Choosing the Best Mask for Your Hair Type

Choosing the Best Mask for Your Hair Type

Hair masks are revolutionary. Dry hair? Mask. Chill time? Mask. Curly hair? Mask. There are literally hundreds of brands in the market which do a range of masks to suit hair needs and hair types. With that being said – how do you know which is right for you?


Curly hair is naturally drier than straighter hair. Those with curly hair will want to go with a mask that’s more moisturising, but one that will also help retain and enhance curls. The Love Curl Hair Mask by Davines is the perfect go-to for those with curly locks, with the promise of “extra nourishing and conditioning power for wavy or curly hair. It gives remarkable softness and hydration also to very thick and unruly hair. Nourished and elastic workable curls.” 

It will depend on the type of mask you go for, but we recommend massaging the mask to your damp or towel-dried mid-lengths to ends, leaving on for 10-15 minutes, combing through with a wide-tooth comb or your fingers, then rinsing off. 


If you have dry hair, fear not! There are loads of products in the market to help nourish and give life back into your locks. To tackle dryness, opt for masks featuring plant-based oils to give strands the moisture they need! For thick, coarser hair, we definitely advise trying something with coconut or shea oils. 

Make sure to really massage in that mask, targeting the ends in particular. You may want to tie up your hair using a silk scrunchie (to prevent further damage from elastic hair ties) and go about some house chores before thoroughly rinsing off. 


Maybe you’ve gone a little overboard with the hot tools or bleaching? Damaged hair can occur due to a range of factors, such as too much heat, over-styling, excessively colouring or diet. Damaged hair is often dry, coarse and frizzy. The answer? A protein-rich mask! Opt for a mask which smooths, conditions and strengthens your hair (or look out for keratin specific masks) and avoid hot-tools, harsh towel-drying and elasticised hair ties which can break your hair further. 


Those who have fine hair can also benefit from doing a hair mask.
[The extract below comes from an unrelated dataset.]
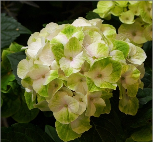 Куст высотой 100-120 см, шириной 100 см. Листья тёмно-зелёные. Окраска лепестков меняется по мере цветения естественным образом. Огромные элегантные белые с зеленой каймой цветки вначале розовеют, а затем становятся красно-зелеными. Цветки собраны в большие соцветия диаметром 20 см. Предпочитает кислые почвы. Место солнечное или полутенистое.Требует укрытия на зиму, цветет на побегах прошлого года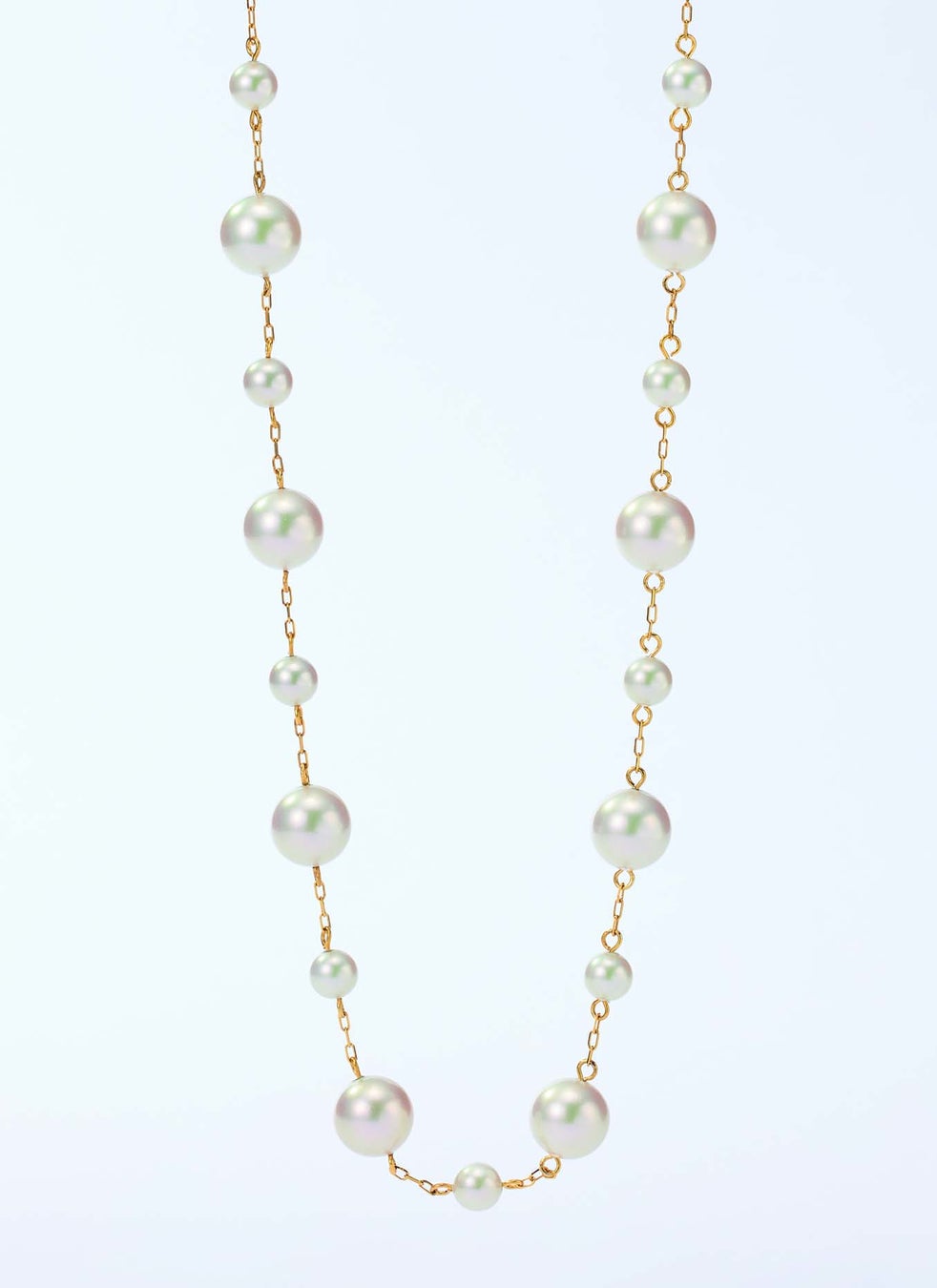 日本製貝パールをリズミカルに並べたステーションネックレスが登場します。

Choose a mask that won’t weigh down your hair, such as lightweight formulas and those including ingredients to strengthen your hair. However – don’t overdo it! Fine hair only needs a mask treatment once a week or so to avoid making your hair greasy. 


Colour-Treated Hair

If you’re wanting to help maintain colour, masks are a great way to do so (especially if you’re blonde or have gone lighter recently, as your hair will be more damaged). Because of the array of different colours and hair types, there are so many to choose from! If you’ve gone blonde, we highly recommend choosing a hydrating and bonding mask, to keep your hair strong and shiny. If you’ve gone darker, choose a mask which will help maintain the colour from fading out. The Minu hair range (particularly the hair mask) from Davines is a perfect option. The mask is made with salina capers which are a good source of quercetin (a protective amino acid), as well as colour-protecting polyphenols. 


Oily hair? No worries! Contrary to common belief, masks can help oily hair types too. But be aware of selecting one that’s right for you – in other words, don’t go choosing a super-thick, heavily moisturising mask because that will only add to the issue! Select a mask with clarifying ingredients, such as clay and avoiding masks with heavy oils. These ingredients will help extract unnecessary oils, giving a lighter feeling to your hair. 

With any mask, ensure to rinse thoroughly to avoid build-up and clogging of your scalp and strands.